My stomach clenches. He hasn’t found a reason, and he’s still putting his foot down.

“Vinia won’t harm her if that’s what you’re worried about,” Sin says, checking his nails, lobbing a bulky bag of clanging metal across his shoulder. “That’s why her kids are so fucked, not a female who disciplines. Certainly not deadly.”

As if the queen would care if I died. I step out of the hall and plant my feet.

“Restrain her,” Atlas snaps, slamming the door behind him, dusting his palms.

“You don’t want to do that,” I say, not looking at Cross, not at Sin, who’s reaching for me, but staring right at Atlas, at a fellow creature of prey. One who stole back power. “I know what you’re looking for.”

His eye twitches. “You don’t.”

I force my voice steady, strong. A bold move. A check. “I do. I’ve read through the entirety of the royal library, and I know there’s only one creature who produces black flames.” I fold my arms, jutting my chin high. “And I’ll tell you everything so long as you agree to hide me from the prince.”
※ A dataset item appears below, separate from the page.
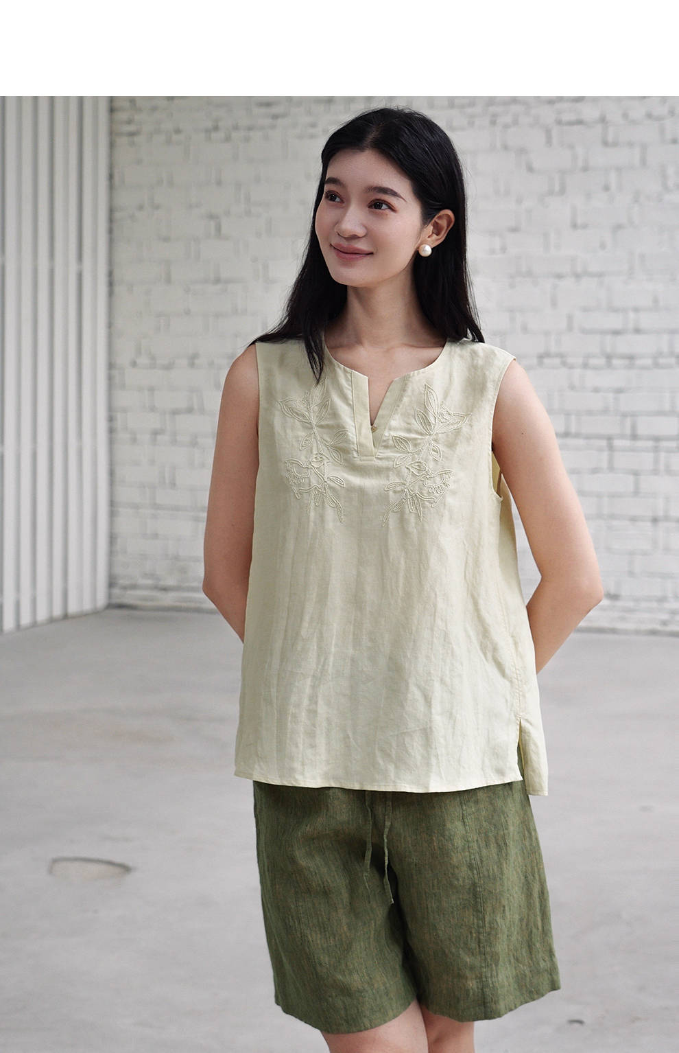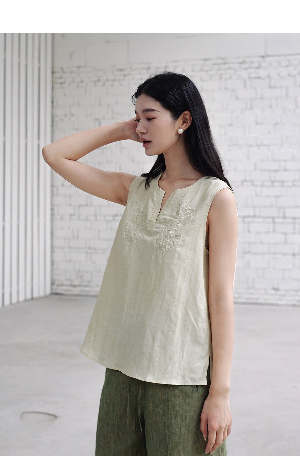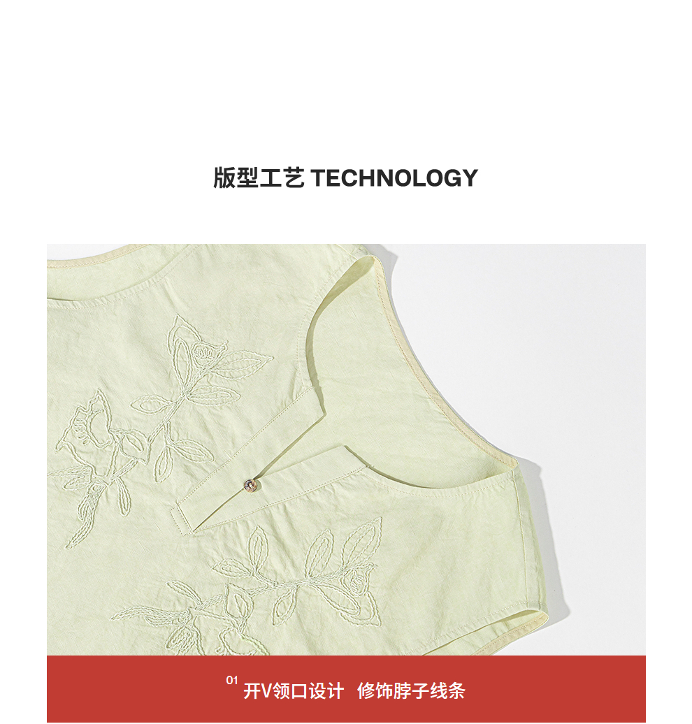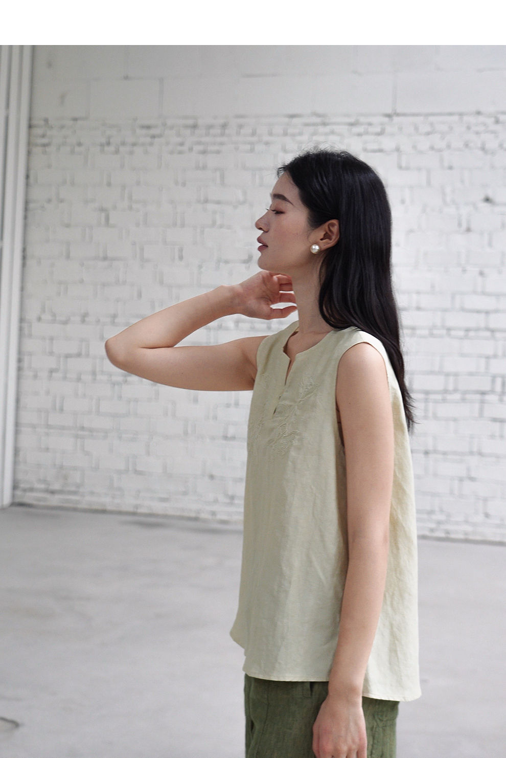 绽放315朵/【多巴胺系列·青柠】亚麻茶花盘带绣V领无袖背心吊带

An exchange. My last, most damning secret. For Cross.

The air around me turns heavy, as if a storm is about to break. I can sense Cross’s muscles tensing in anticipation as he subtly shifts his weight, creating a barrier between me and Atlas, a spark of resolve in his glare.

Judging from the dart of the Blackguard leader’s eyes, the gesture does not go unnoticed. Atlas grabs Sin’s elbow, and demands quietly, “Get her to talk and—”

“He’ll never outrun them,” Cross states, not cocky, just assured. He doesn’t look at me, but a tendril of black slinks across his knuckles, and I know he’s thinking of me. “If we honor her terms, it has to be me. I’ll be her escort.”